魔物の素材が意味を持つのだ。これがどういうことかというと、物凄い革命的なことなのだ。
「けほっけほっ。あっしは風邪をひいたみたいでさ。熱もあるな、こりゃ親分帰っても良いですかい?」
「ガイ様の健康状態は36.5度。平熱で健康体です。このスレイプニルは運転手の健康状態も確認できるのです。えっへん」
「黙れ、このポンコツ! あっしの仕事が増えるだろ! ようやくダツたちの武具を作り終えたのに!」
危機を感じる第六感を持つ勇者ガイ。
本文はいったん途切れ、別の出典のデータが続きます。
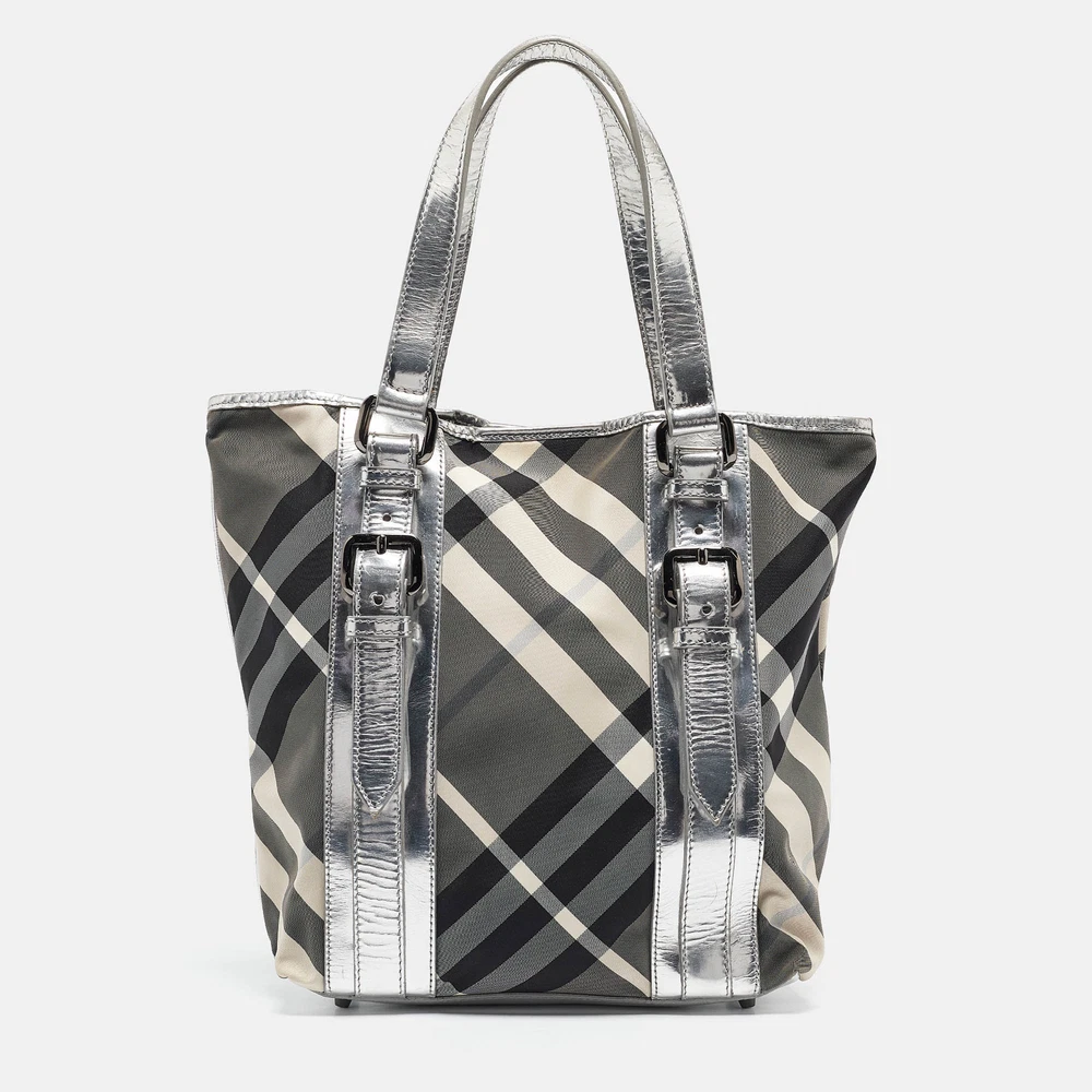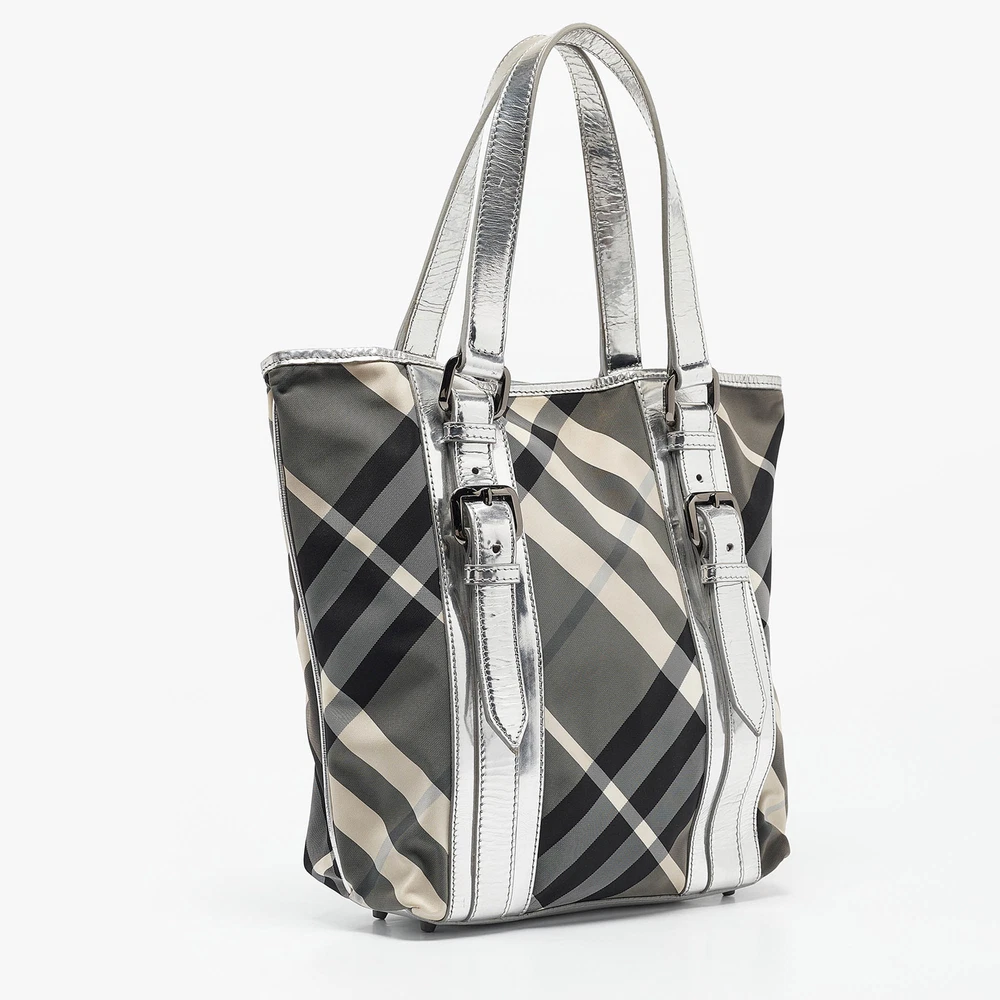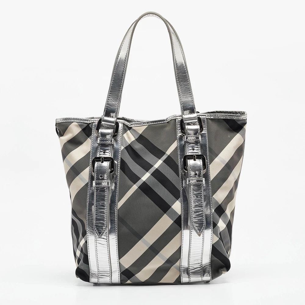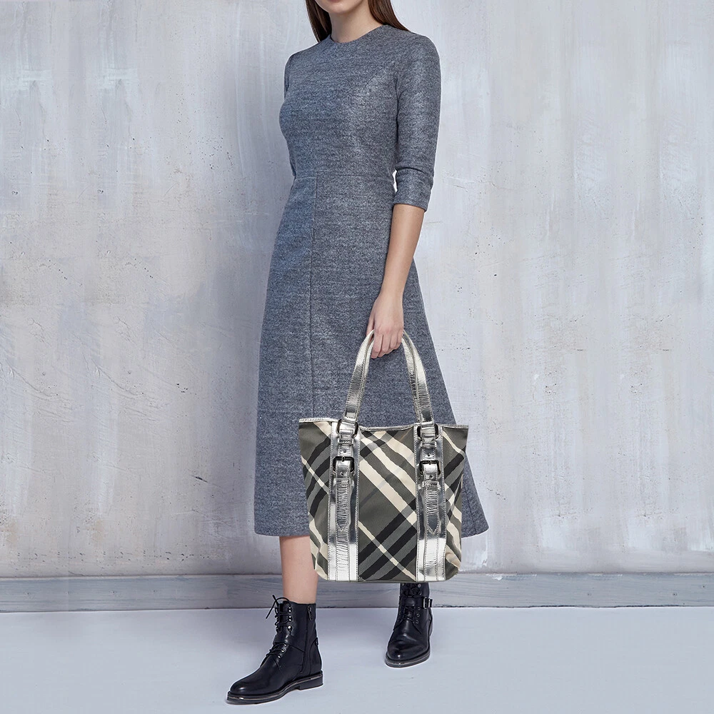 This alluring tote bag for women has been designed to assist you on any day. Convenient to carry and fashionably designed, the tote is cut with skill and sewn into a great shape. It is well equipped to be a reliable accessory.Certified by The Luxury Closet - This item has gone through a detailed authentication process overseen by our experts. We offer a lifetime guarantee of authenticity on all our items. Import duties, taxes and charges are not included in the item price. These charges are the buyers responsibility. Please check with your country’s customs office to determine what these additional cost will be prior to buying. Our eBay Store About Us Contact Us Add to Favorite Sellers Burberry Silver Beat Check Nylon Victoria Tote $614.9 This alluring tote bag for women has been designed to assist you on any day. Convenient to carry and fashionably designed, the tote is cut with skill and sewn into a great shape. It is well equipped to be a reliable accessory. Product Details Brand Color Silver Dimensions Height: 31 cm, Width: 10 cm, Length: 26.5 cm Material Laminated Leather, Nylon Size Outsole Width Outsole Length Heel Height Includes The Luxury Closet Packaging Certified by The Luxury Closet This item has gone through a detailed authentication process overseen by our experts. We offer a lifetime guarantee of authenticity on all our items. How We Check The in-house team of experts at The Luxury Closet is highly trained to verify the authenticity and the condition of the luxury products. They ensure that only 100% authentic items are put on sale.The evaluation process is unique with its own mix of assessment criteria and differs according to the category. Each item is evaluated based on the following combination of hallmarks, hardware, stitching, symmetry, material, craftsmanship, stamping, codes, hologram stickers, and packaging. Our authenticators also check if the items have been modified or amended (e.g., aftermarket diamonds, replaced batteries, repaired bags, etc.) International Buyers Import duties, taxes and charges are not included in the item price. These charges are the buyers responsibility. Please check with your country’s customs office to determine what these additional cost will be prior to buying.

なぜか親分がガイを新型に変える未来が予想できてしまうのだ。さすがは勇者。自分の危機には敏感だ。
「いきなりガイには適用しないでつよ。スキルレベルを変えて、スミスを作りまつ。どのように魔物素材の効果が出るか? 鍛治と合わさった時にはどうなるか? 研究していきまつ」
親分があっしに優しいと、涙目になる山賊。常日頃どれだけブラックな環境がわかってしまう光景だった。
「だんちょー。それよりも追われている馬車が遠くに見えるよ?」
「ほへ?」
リンがスッと遠くを指差す。その先には雪を蹴散らして進む魔物のような馬が牽く馬車が結構な速さで走っていた。周りには騎士たちがやはり馬に乗り並走している。
そしてその後ろに広がる雪原に鮫のヒレだけが見えていた。遠目でもヒレだとわかることから、かなりの大きさの鮫が雪の中にいそうな予感。
「こんな雪の中を移動している? 旅をしてきたのでつかね? 馬車は立派に見えまつし」
「ん、どうする、だんちょー?」
聞いてくる侍少女へと、答えは決まっているよねと答える。
「助ける一択でつ。テンプレイベントでつが、ハードな異世界と言うのが気にかかりまつが……」
ギュンターに続き、俺もテンプレイベントかなぁと思う中で黒幕幼女は馬車を助けるべく、駆け出すのであった。